__Source material__:
----------------
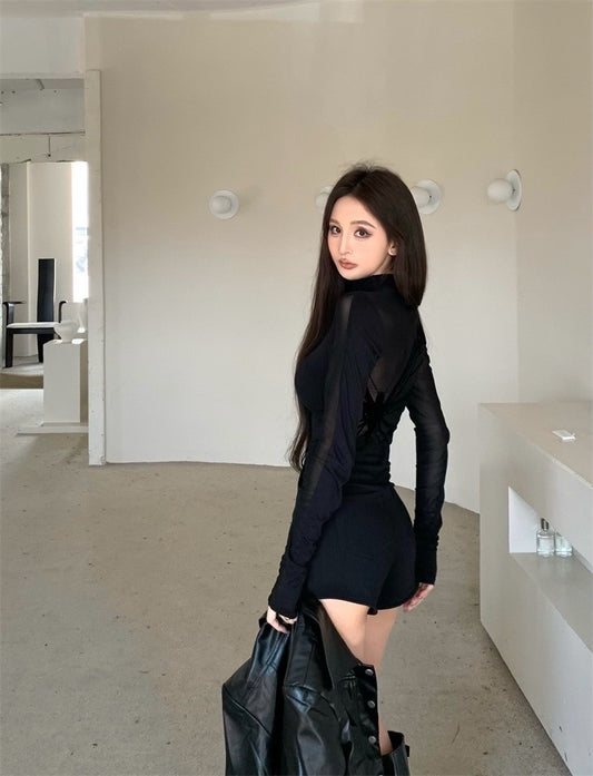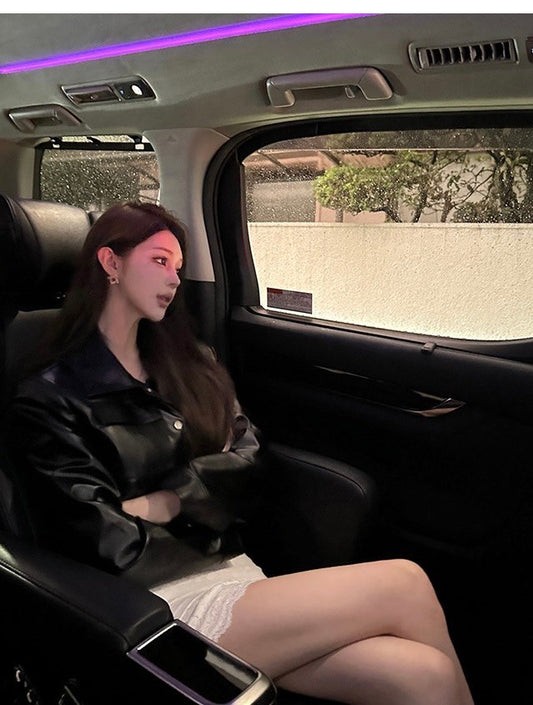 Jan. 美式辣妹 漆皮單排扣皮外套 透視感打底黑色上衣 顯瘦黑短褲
----------------
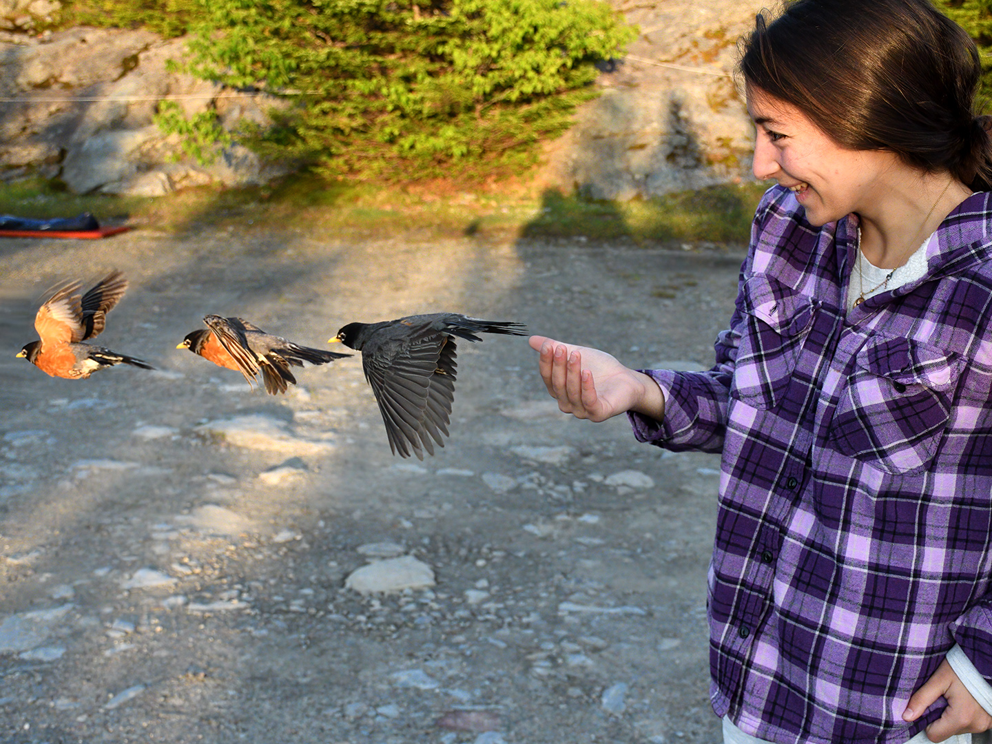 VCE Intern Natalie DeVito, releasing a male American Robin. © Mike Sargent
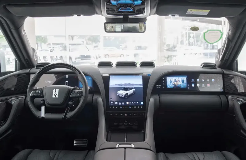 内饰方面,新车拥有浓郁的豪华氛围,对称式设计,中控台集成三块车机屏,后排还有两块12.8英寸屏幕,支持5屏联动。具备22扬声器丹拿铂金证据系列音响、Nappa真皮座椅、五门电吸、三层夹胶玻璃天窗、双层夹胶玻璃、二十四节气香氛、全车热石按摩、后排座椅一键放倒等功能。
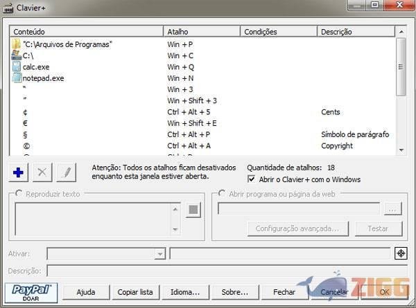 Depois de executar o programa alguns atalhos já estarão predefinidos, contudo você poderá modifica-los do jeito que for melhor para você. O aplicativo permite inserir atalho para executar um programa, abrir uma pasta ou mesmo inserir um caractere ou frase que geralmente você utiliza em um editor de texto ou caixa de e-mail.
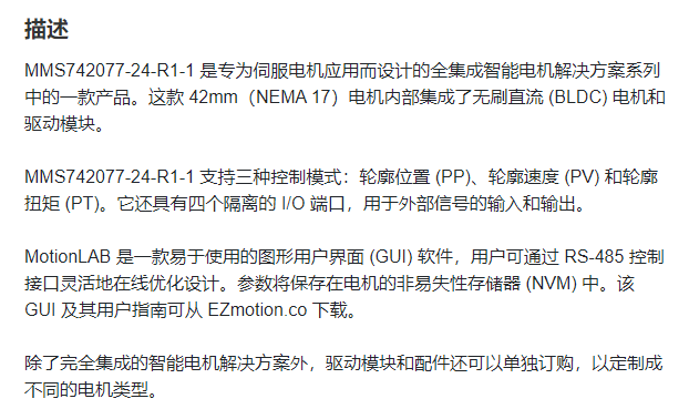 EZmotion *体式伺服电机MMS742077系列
----------------
__Goal of the exercise__: Respond with the exact lines above running from the one containing "Depois de executar" to the one containing "EZmotion *体式伺服电机MMS742077系列", both ends kept and no pictures included.

__Solved problem__:
 Depois de executar o programa alguns atalhos já estarão predefinidos, contudo você poderá modifica-los do jeito que for melhor para você. O aplicativo permite inserir atalho para executar um programa, abrir uma pasta ou mesmo inserir um caractere ou frase que geralmente você utiliza em um editor de texto ou caixa de e-mail.
 EZmotion *体式伺服电机MMS742077系列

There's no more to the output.